PR professionals know storytelling is powerful, but science is beginning to show just how stories trigger powerful learning reactions in the brain.
In her book – Wired for Story: The Writer’s Guide to Using Brain Science to Hook Readers from the Very First Sentence – Lisa Cron makes a compelling case. As I understand her words, the act of reading is something greater than simulation for your mind.
Your brain brings you into the story and allows you think about courses of action and decisions you might make as if you were actually part of the story you’re reading about. Your brain synthesizes your past experiences and what you are reading to advance your learning.
That might sound natural for a voracious reader, but if you pause to think about it, it’s really pretty incredible: Words written well, in a story format, actually become part of someone’s experience.
I was reminded of this recently as I flipped through a slide deck with 75 quotes from blog posts I’ve published over the last year or so.

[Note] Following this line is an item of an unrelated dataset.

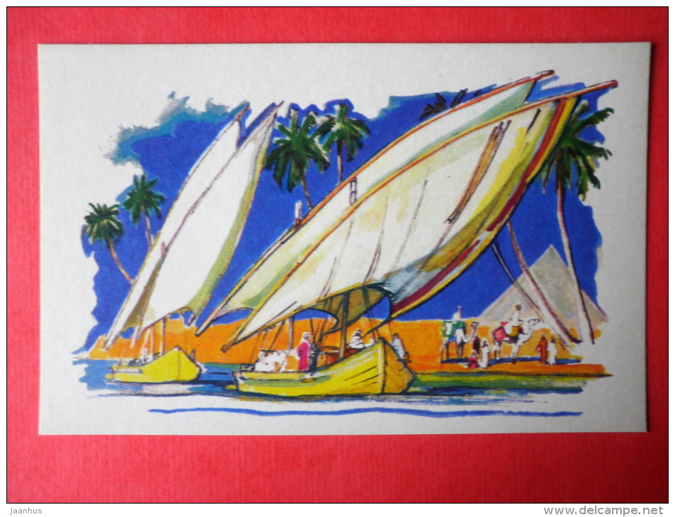 illustration by P. Pavlinov - Felucca - Egypt - Boats of the World - 1971 - Russia USSR - unused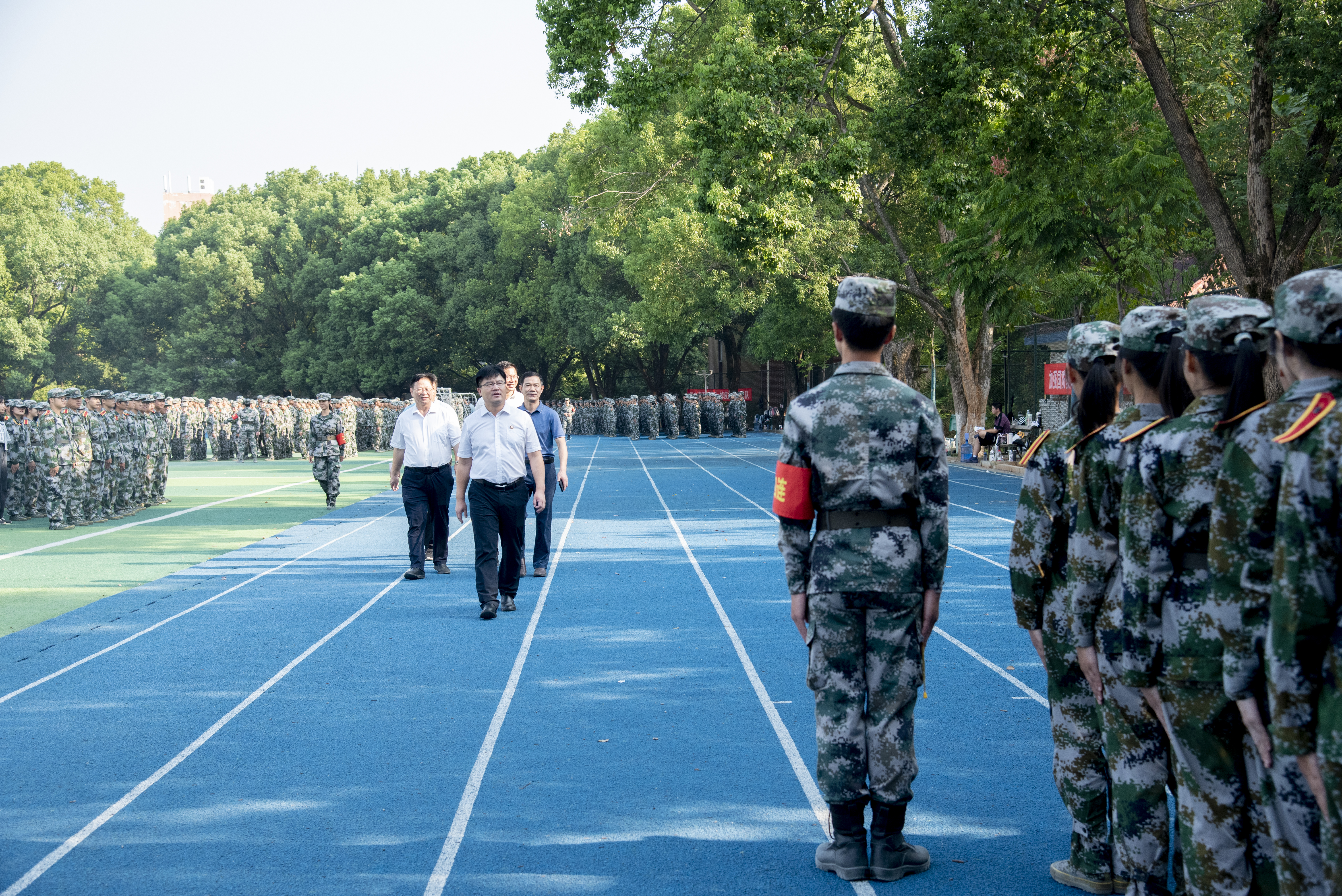 李钢走进军训队伍中,鼓励同学们要勇于战胜自我、超越自我,克服困难、磨练意志,培养团队意识,增强国防观念、厚植爱国情怀,为大学第一课交上满意的答卷。

What started as a marketing experiment, has grown into a process that supports audience development.
I save these slides and quotes as an individual JPG (see photo hack #2) – and use them as an embedded image in blog posts as an effort to draw a reader in, provide an easy takeaway, and serve as another digital asset to share – like this one.
As part of my effort to wrap up this year in content, I decided to distill the deck down to just 20 for a presentation to embed in a post. When I had finished, I noticed many of these quotes stem from pieces written for the Unscripted Marketing series.
Regular readers know, this a series that I publish on the occasional Saturday that threads three interesting articles I’ve read, wraps them with insight, and presents them under a single theme.
For me, this was a remarkable moment of introspection, which may well be fitting for the year’s end: when I went back with some level of agnosticism and reviewed at my own writing, those ideas that I deemed best were more often a blend of what I was reading with my marketing and PR experience, rather than my own original rants and ramblings.
It supports the notion that marketing at its core, is about advancing the user experience.
Here are those 20 golden nuggets – on SlideShare – and each one has a link to the relevant post (which you can click through if you download the presentation).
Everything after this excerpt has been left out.